Deux déclarations sèment depuis peu la pagaille parmi les hommes d’affaires et  l’intelligentsia  tunisienne. D’abord celle, il y a quelques jours, du ministre de la Justice Lazhar Karoui qui affirme que tous les hommes d’affaires qui ont travaillé avec Ben Ali seront traduits en justice. On ne sait pas si le ministre parlait ainsi uniquement des hommes d’affaires tunisiens ou des étrangers [Plus d’un d’entre eux aussi avait pris des marchés et des entreprises par le seul fait de la signature de l’ancien président tunisien] aussi.

La déclaration, reprise par un des journaux de la place, a fait l’effet d’une bombe à la centrale patronale qui a téléphoné au Premier ministre pour lui signifier sa désapprobation quant à ce genre de déclaration qui n’encourage guère à la reprise des investissements, à l’heure où le pays, en récession économique, souffre 700 mille chômeurs et une panne d’investisseurs.

Ils iront tous en justice !

La déclaration de Lazhar Karoui sonnait presque comme une potence qu’on installerait sur le parvis de la Kasbah, à coup de déclarations fracassantes, pour y mener la bourgeoisie des affaires en Tunisie, sous l’accusation d’avoir fait de «l’oseille» sous Ben Ali et donc sous sa protection et avec son aide.
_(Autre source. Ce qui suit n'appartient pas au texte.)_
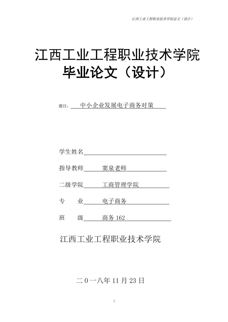江西工业工程职业技术学院论文(设计)江西工业工程职业技术学院毕业论文(设计)题目:中小企业发展电子商务对策学生姓名指导教师窦泉老师二级学院工商管理学院专业电子商务班级商务162江西工业工程职业技术学院二0一八年11月23日江西工业工程职业技术学院论文(设计)2016级电子商务专业学生毕业论文开题报告姓班电子商务162学联系电话名级号拟中小企业发展电子商务对策写论文题目论文电子商务飞速发展,成为国内经济的一大亮点,那么电子商务对我国国际贸易研究又有什么影响呢?随着电子商务在社会经济生活各个领域的加快渗透,以及迅的意速增长的网络交易规模对实体经济影响力的彰显,对电子商务的经济属性、经义济价值的研究也被越来越多的专家者关注。然而中小企业发展中存在一定的问题,本文对这些问题进行探究,以使中小企业得以更好的发展。论文一、电子商务的特性目前中小企业发展电子商务的现状研究二、三、中小企业发展电子商务的措施的内容江西工业工程职业技术学院论文(设计)论12018年11月初-2018年11月5日,开题报告文②2018年11月6日-2018年11月10日,资料整理③2018年11月11日撰-2018年11月20日,论文初稿写时④2018年11月21-2018年11月25日,论文定稿间安排指导老师意见

Une campagne de chasse à l’homme d’affaires, parfois au mépris de la règle qui dit que tout accusé est innocent jusqu’à preuve à apporter par le parquet de sa culpabilité. Une campagne qui s’est traduite par un repli de l’investissement tunisien.

Selon les chiffres de l’APII (Agence de promotion de l’industrie et de la technologie) pour le mois de juillet 2011, les déclarations d’investissement dans  le textile- habillement ont baissé de 32,5 %, celles des industries du cuir sont en chute de 57,4 % et les déclarations d’investissement dans le secteur des services baissent de 22,6 %. En nombre de projets, les déclarations ont reculé de 16,3 % dans le secteur des industries des matériaux de construction, de 14 % dans le secteur des industries mécaniques et électriques.

 Officiellement, ces baisses sont expliquées par le manque de visibilité, politique et économique et l’absence de sécurité. Selon plus d’une source au patronat tunisien, il s’agit  aussi  de la peur qui règne dans les rangs des hommes d’affaires. «Nous avons de l’argent, mais nous attendons pour voir, nous avons peur» , nous dit l’un d’eux sous le sceau de l’anonymat. D’autres affirment avoir déjà entamé les préparatifs pour s’installer à l’étranger.

Qui est symbole de l’ancien régime et qui ne l’est pas ?

La seconde déclaration est celle de Béji Caïed Essebssi, ce jeudi 18 août 2011, devant presque l’ensemble des partis politiques. Le Premier ministre tunisien annonce, sans le dire, une nouvelle série de procès à intenter prochainement contre ce qu’il a appelé les symboles de l’ancien régime.  «Nous allons demander à la Haute Instance de protection de la Révolution [une sorte d’inquisition !] de nous préparer une liste des symboles (Roumouz) à propos desquels nous prendrons des mesures préventives, pour qu’ils ne puissent plus se promener librement dans les rues où leur présence est provocatrice, avant de les déférer  devant la justice », a ainsi dit Béji Caïed Essebssi qui avait du mal à articuler ses mots. Par mesures préventives, on pourrait bien sûr comprendre l’interdiction de voyage, comme on pourrait aussi comprendre la détention préventive ou pour les besoins de l’instruction. Cette liste s’ajoutera bien sûr à celle des anciens du RCD qui ont été empêchés de se présenter aux prochaines élections. Cette dernière mesure ne semble cependant pas satisfaire ceux qui appellent encore à la justice transitionnelle et refusent la réconciliation nationale. Une nouvelle liste de pestiférés est ainsi en chantier dans les coulisses de la Haute instance de la Révolution. Le Premier ministre tunisien en personne lance ainsi, peut-être sans le vouloir, la vindicte populaire contre tous ceux qui pourraient être accusés, à tort ou à raison, dans la rue par le peuple ou dans les médias, d’être un symbole de l’ancien régime.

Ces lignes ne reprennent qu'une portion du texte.